For unit conversion we rely on CDS's Unit conversion library.

For details on possible units and formats, please refer to their documentation.

Usage

The keyword mapper component (extractmetadata.py) defines the following command-line parameters:

--itemdef-file model item definitions file
-l file list
-d (optional) path to prefix to the filenames on the file list
-m (optional) mappings file
-e (optional) external keys file
--verbosity (optional) verbosity level
--help (optional) print usage

Persistence components might define extra parameters:

persist_debug.py
-o output file
persist_votable.py
-o output file
--split-output (optional) whether to create separate votable files for each datatype
persist_mysql.py
--host MySQL hostname
--user MySQL username
--password MySQL password
--database MySQL database
--pkgFile global package metadata

Programmer's Guide

Standard computations

Standard computations are rules that apply to most of the data, in a standard way. These are defined by code, as a separate file (compute.py).
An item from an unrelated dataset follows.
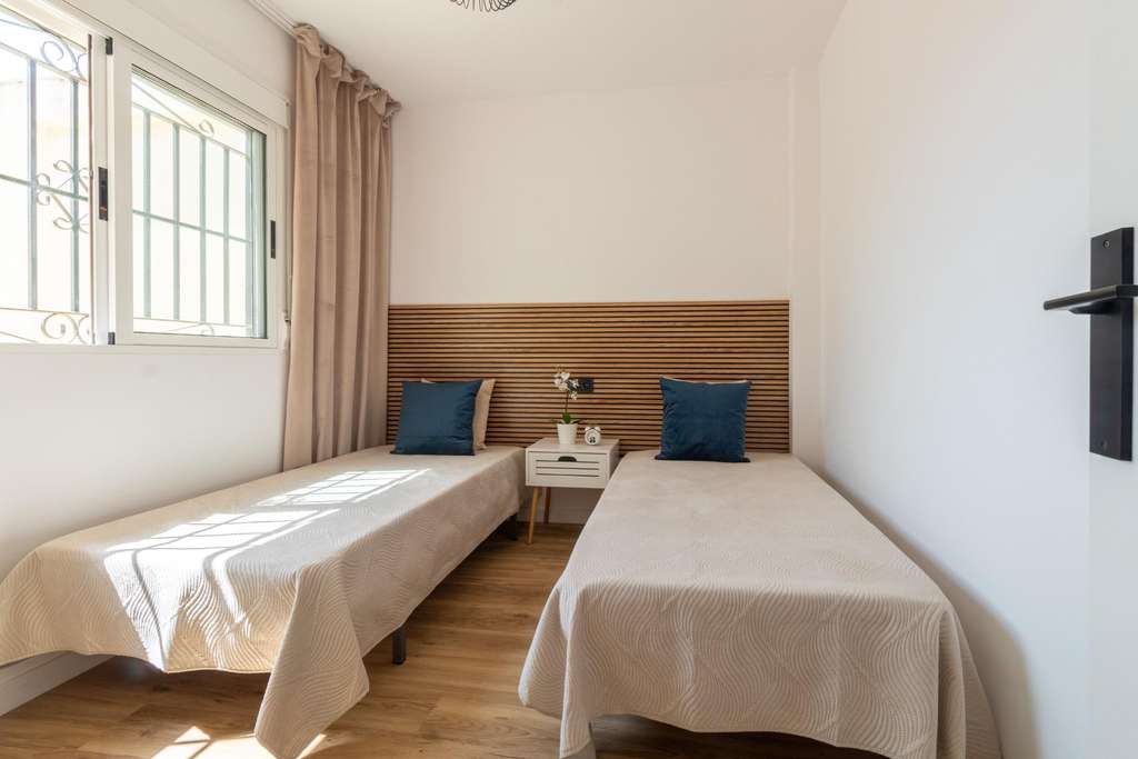 ¡Bienvenido a tu nuevo hogar en el soleado residencial Los Naranjos II! Este adosado recién reformado y completamente amueblado en Los Altos te ofrece la combinación perfecta de comodidad, estilo y ubicación privilegiada. Imagina disfrutar de mañanas relajadas en tu jardín privado o en el acogedor porche, antes de entrar en un amplio salón comedor ideal para el entretenimiento. La moderna cocina americana, con acceso a una práctica galería, es perfecta para preparar tus comidas favoritas. ~En la planta baja, encontrarás un dormitorio y un baño completo, ideal para invitados o para uso como despacho. Subiendo las escaleras, te esperan otros dos dormitorios espaciosos y otro baño completo, ofreciendo privacidad y confort. Un práctico trastero te ayudará a mantener todo organizado. ~El residencial Los Naranjos II te ofrece una fantástica piscina comunitaria para refrescarte en los días calurosos y un aparcamiento dentro del recinto, garantizando tranquilidad y comodidad. Además, la ubicación es inmejorable, al lado de todos los servicios esenciales: supermercados, tiendas, restaurantes... ¡y a poca distancia de la playa! Con aire acondicionado para tu confort durante todo el año, esta propiedad es una excelente oportunidad para disfrutar de la vida mediterránea. No pierdas la oportunidad de vivir en este oasis de tranquilidad y comodidad. ¡Contáctanos hoy mismo para una visita!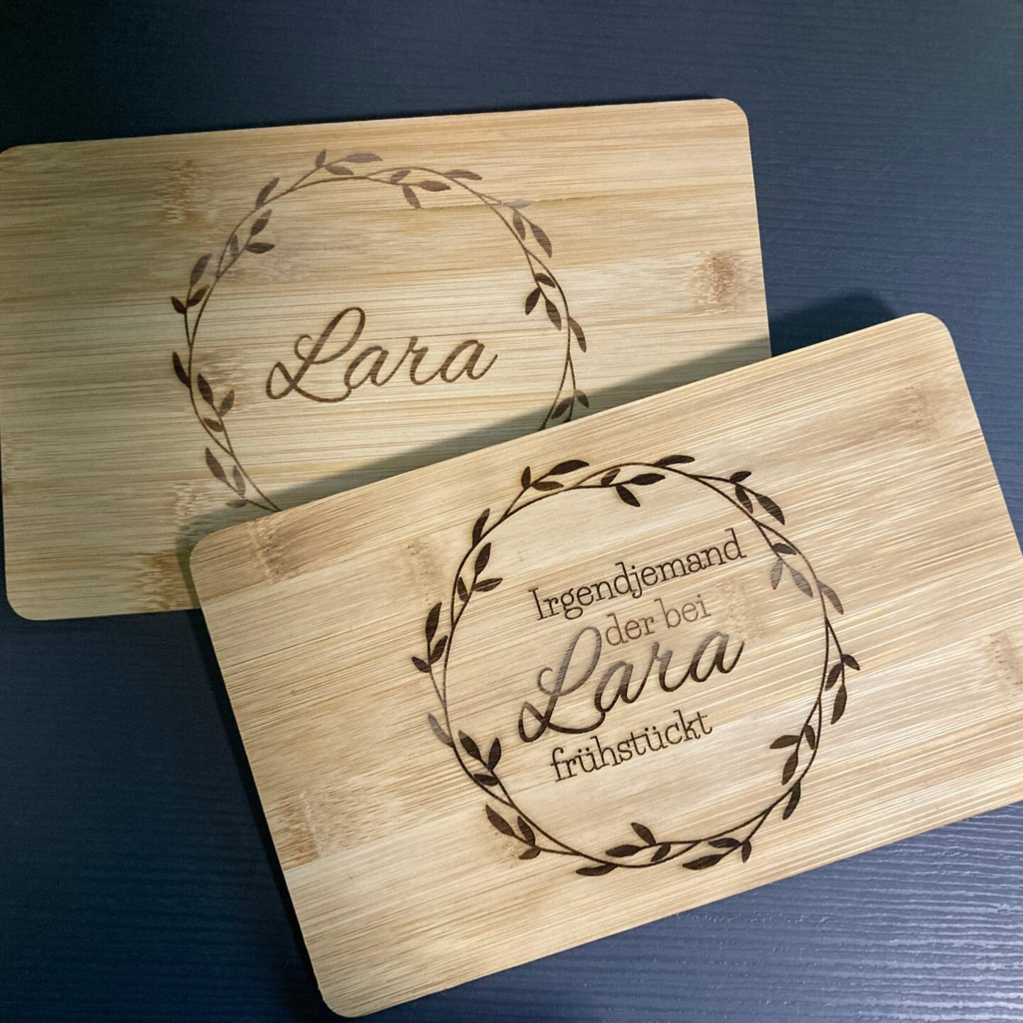 Personalisiertes Frühstücksbrett– mit Wunschname & Naturkranz

Edit the computeMethodDict dictionary. Each entry defines the model items that are to be computed, and the function that will do the computation (a DoCompute function). Since values from other model items are likely to be needed, and might not yet be present (if they are to be computed), if a DoCompute function fails on that account it will be re-executed again after all the other DoCompute functions ran.

Persistence

The keyword mapping component itself is a stand-alone program that simply outputs its results to stdout.

For real use of MEx, one needs to write a persistence component. Persistence components call directly the keyword mapping component, read its in-memory lists of metadata, and output it as they see fit.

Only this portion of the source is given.